▸ **WHAT THIS TASK INVOLVES**
Give every line of the data again, unchanged, but with no pictures.

▸ **COLLECTED DATA**
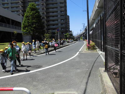 妙典公園への行き返りの安全確認のほか、公園の外周で、活動中にずっと子供たちを見守ってくださいました。
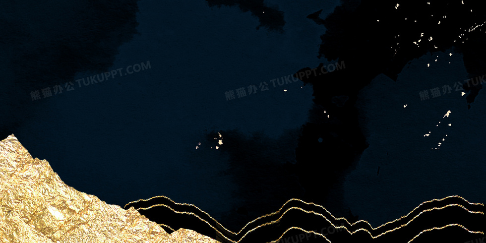 本作品内容为黑色质感简约鎏金纹理背景, 格式为 psd, 大小21 MB, 图片尺寸为3543 x 1772, 作品中背景图片无需修改, 源文件无水印,可以直接使用, 欢迎使用熊猫办公。 如认为平台内容涉嫌侵权,可通过邮件:tousu@tukuppt.com提出书面通知,我们将及时处理。
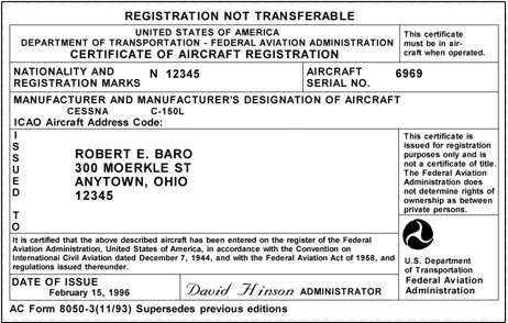 Certificate of Aircraft Registration Before an aircraft can be legally flown, it must be registered with the FAA Civil Aviation Registry and have within it a Certificate of Aircraft Registration issued to the owner as evidence of the registration. [Figure 2-13] The Certificate of Aircraft Registration will expire when:
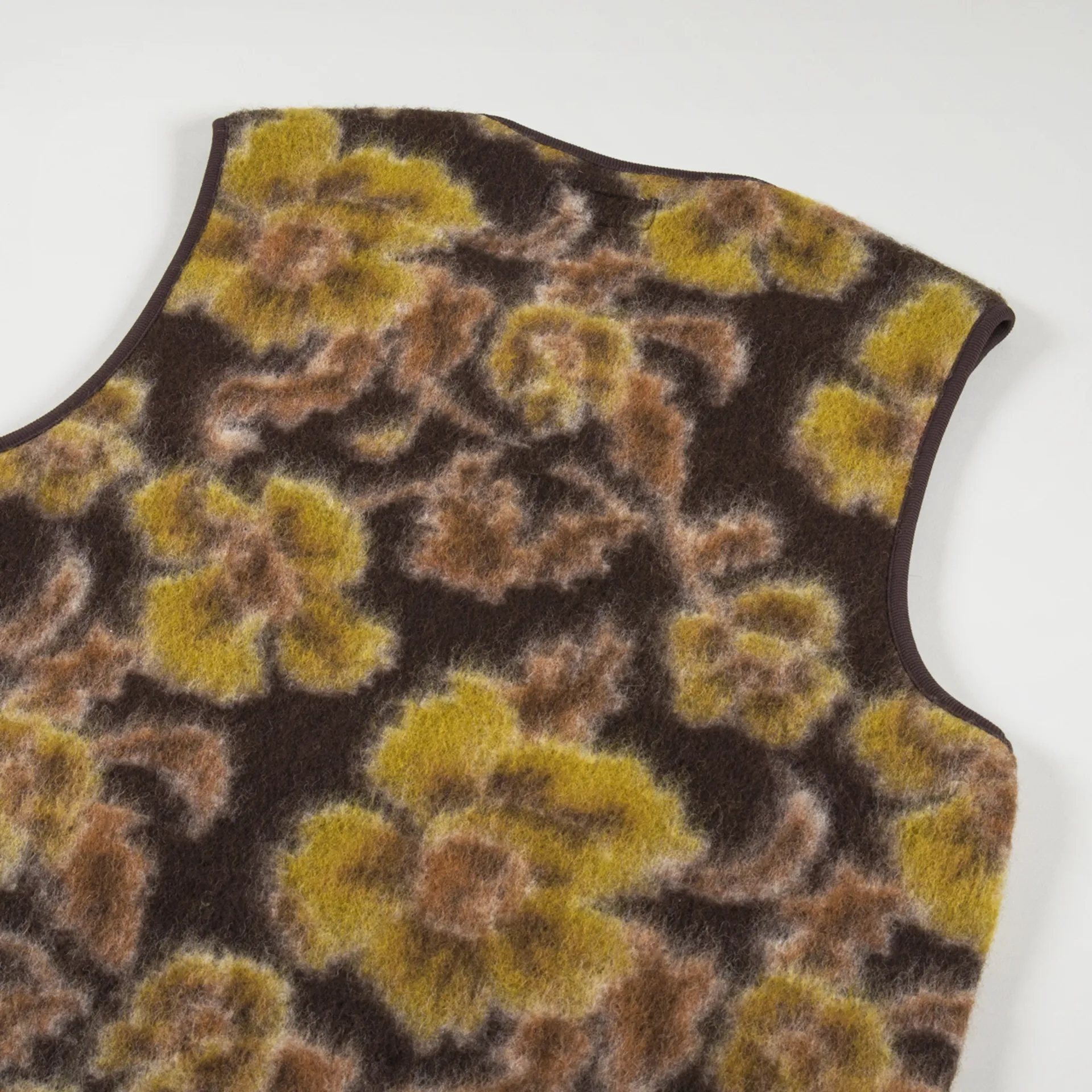 A warm fleece gilet from Universal Works made from a comfortable and warm blend of 68% wool and 32% polyester. It has a full-zip front, an elasticated trim and three patch pockets.

▸ **WRITTEN REPLY**
 妙典公園への行き返りの安全確認のほか、公園の外周で、活動中にずっと子供たちを見守ってくださいました。
 本作品内容为黑色质感简约鎏金纹理背景, 格式为 psd, 大小21 MB, 图片尺寸为3543 x 1772, 作品中背景图片无需修改, 源文件无水印,可以直接使用, 欢迎使用熊猫办公。 如认为平台内容涉嫌侵权,可通过邮件:tousu@tukuppt.com提出书面通知,我们将及时处理。
 Certificate of Aircraft Registration Before an aircraft can be legally flown, it must be registered with the FAA Civil Aviation Registry and have within it a Certificate of Aircraft Registration issued to the owner as evidence of the registration. [Figure 2-13] The Certificate of Aircraft Registration will expire when:
 A warm fleece gilet from Universal Works made from a comfortable and warm blend of 68% wool and 32% polyester. It has a full-zip front, an elasticated trim and three patch pockets.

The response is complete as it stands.